We have established 3D bioprinting as a central platform for engineering functional tissues. Our work focuses on developing printable, cell-laden bio-inks that enable precise spatial deposition of cells and biomaterials. We have demonstrated that tissue-specific bio-inks significantly improve cell viability, organization, and phenotype maintenance after printing.

We systematically optimize printing parameters (pressure, nozzle diameter, crosslinking conditions) to achieve constructs with high shape fidelity and structural stability. Our studies further show that layer-by-layer fabrication enables controlled microarchitecture, which is critical for mimicking native tissue organization. These contributions position our work as a foundation for next-generation biofabrication of clinically relevant tissues.

We have been among the early contributors to the development of decellularized extracellular matrix (dECM)-based biomaterials, demonstrating their ability to retain native biochemical complexity, including growth factors and structural proteins.

Our publications highlight that dECM-derived hydrogels provide a tissue-specific microenvironment, which significantly enhances stem cell differentiation and lineage commitment. We have also addressed key challenges such as printability, mechanical weakness, and batch variability, developing strategies for bio-ink stabilization and reproducibility.

This body of work forms the core scientific foundation of our research, enabling translation across multiple tissues including cornea, cartilage, and bone.

We have translated our dECM and bioprinting expertise toward corneal tissue engineering, addressing the global shortage of donor corneas. We developed human cornea-derived dECM bio-inks, enabling the fabrication of transparent, biomimetic stromal constructs.

Our studies demonstrate that these constructs achieve appropriate light transmittance, curvature, and thickness, while supporting keratocyte viability and phenotype maintenance. We have further enhanced these systems using hybrid biomaterials (e.g., silk fibroin) to improve mechanical strength without compromising optical clarity.

Importantly, our work shows that one donor cornea can be processed into multiple implants, significantly improving scalability and clinical feasibility.

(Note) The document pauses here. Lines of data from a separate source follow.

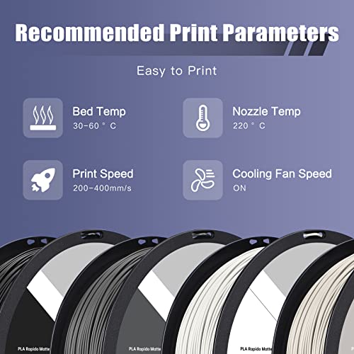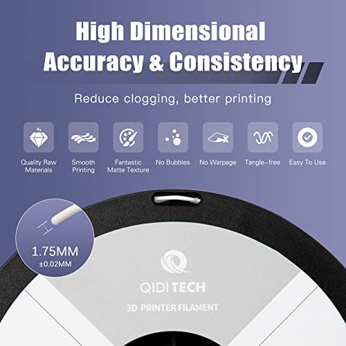 | Features | 【Mattes Finish】Dieses neue 3D-Druckfilament gibt Drucke mit glatten und nicht glänzenden Farben aus. Qidi PLA Matte Filament 1.75 hat eine unglaublich matte Oberflächenbeschaffenheit, die hilft, die Schichten Ihres Drucks zu verbergen. Es ist perfekt für Kreationen, die ein dezentes, mysteriöses Aussehen erfordern., 【PLA Matte Filament 1.75 – Geeignet für Hochgeschwindigkeitsdruck】 PLA Rapido Matte ist eine neue Art von pla-mattem Filament, das von QIDI TECH neu entwickelt wurde. Im Vergleich zu gewöhnlichen PLA-Filamenten kann QIDI PLA Rapido matt für den Hochgeschwindigkeitsdruck mit Druckgeschwindigkeiten von bis zu 400 mm/s verwendet werden. Wir empfehlen dringend, es mit dem neu entwickelten X-Smart3 3D-Drucker von QIDI TECH zu verwenden., 【Verwicklungsfrei und feuchtigkeitsfrei】QIDI TECH PLA Rapido Matte Filament 1,75 mm wird vollständig mechanisch gewickelt und streng manuell geprüft, um sicherzustellen, dass die Schnur sauber und weniger verwickelt ist, um ein Reißen und Reißen der Schnur zu vermeiden. Es wird getrocknet und in einer Verpackung mit Trockenmittel vakuumversiegelt., 【Umweltfreundlich und breite Kompatibilität】 Das matte PLA-Filament wird aus Stärkerohstoffen hergestellt, die aus erneuerbaren Pflanzenressourcen gewonnen werden, und weist eine niedrigere Schmelztemperatur auf. Geruchlos, keine Verschmutzung und ungiftig während des Drucks. QIDI TECH PLA Matte Rapido Filament ist perfekt kompatibel mit den meisten FDM 3D-Druckern auf dem Markt, die 1,75 mm Filament verwenden., 【Maßgenauigkeit und Konsistenz】 QIDI TECH 3D-Drucker PLA Mattes Filament mit 1,75 mm Durchmesser, Maßgenauigkeit +/- 0,02 mm. Die strengen Toleranzen und die perfekte Maßhaltigkeit sorgen für eine reibungslose und gleichmäßige Zufuhr und einen gleichmäßigen Ausfluss des PLA Rapido Matte-Filaments durch den Extruder, wodurch es gleichmäßiger herauskommt., 【Empfohlene Druckeinstellungen】Wir empfehlen, das Filament PLA Rapido Matte bei einer Düsentemperatur von 220 °C, einer Betttemperatur von 30–60 °C und einer Druckgeschwindigkeit von 200–400 mm/s zu drucken. Hinweis: Bitte führen Sie das Filament durch das feste Loch, um Verwicklungen nach dem Gebrauch zu vermeiden. |
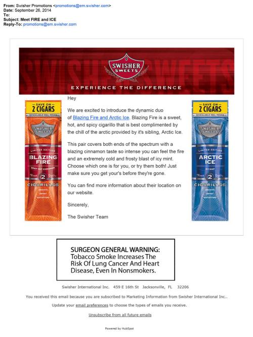 Email received from Swisher on September 26, 2014 introducing two new flavors, Blazing Fire and Artic Ice. Advertises the flavors as a dynamic duo of spicy hot cinnamon and cool icy mint.
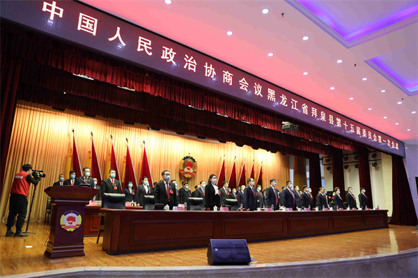 在雄壯的國歌聲中,中國人民政治協商會議拜泉縣第十五屆委員會第一次會議勝利閉幕。 (裴振萍 王克儉 高佳遇 張曉磊)
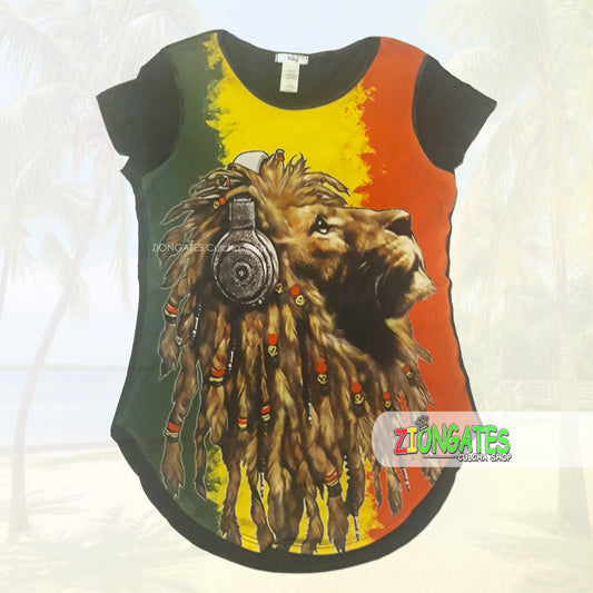 WOMENS RASTA Lion with headphones Spandex Shirt

We have developed 3D printed composite scaffolds for bone tissue engineering, integrating synthetic polymers (e.g., PCL) with natural biomaterials such as dECM and silk fibroin. Our designs incorporate highly interconnected porous architectures, which facilitate cell infiltration, vascularization, and nutrient diffusion.

Our publications demonstrate that these scaffolds significantly enhance osteogenic differentiation of stem cells, supported by both biochemical cues and mechanical properties. We also explore patient-specific scaffold fabrication, leveraging imaging data to design implants tailored to complex bone defects.

We extend conventional 3D printing into 4D printing, where materials exhibit time-dependent or stimuli-responsive behavior. Our work focuses on designing smart biomaterials that respond to environmental triggers such as temperature, pH, or hydration.

We demonstrate that these systems can undergo controlled shape transformation or functional changes, enabling applications such as minimally invasive implantation and adaptive tissue regeneration. This represents a forward-looking direction in our research, integrating materials science with dynamic biological functionality.

A defining feature of our research is its strong emphasis on clinical translation. We actively collaborate with clinicians to develop patient-specific, scalable solutions that address real medical needs.

Our work includes bench-to-bedside validation, where biomaterials and constructs are evaluated for biocompatibility, functionality, and translational feasibility. The development of bioprinted corneal implants serves as a key example of how our research bridges fundamental science and clinical application.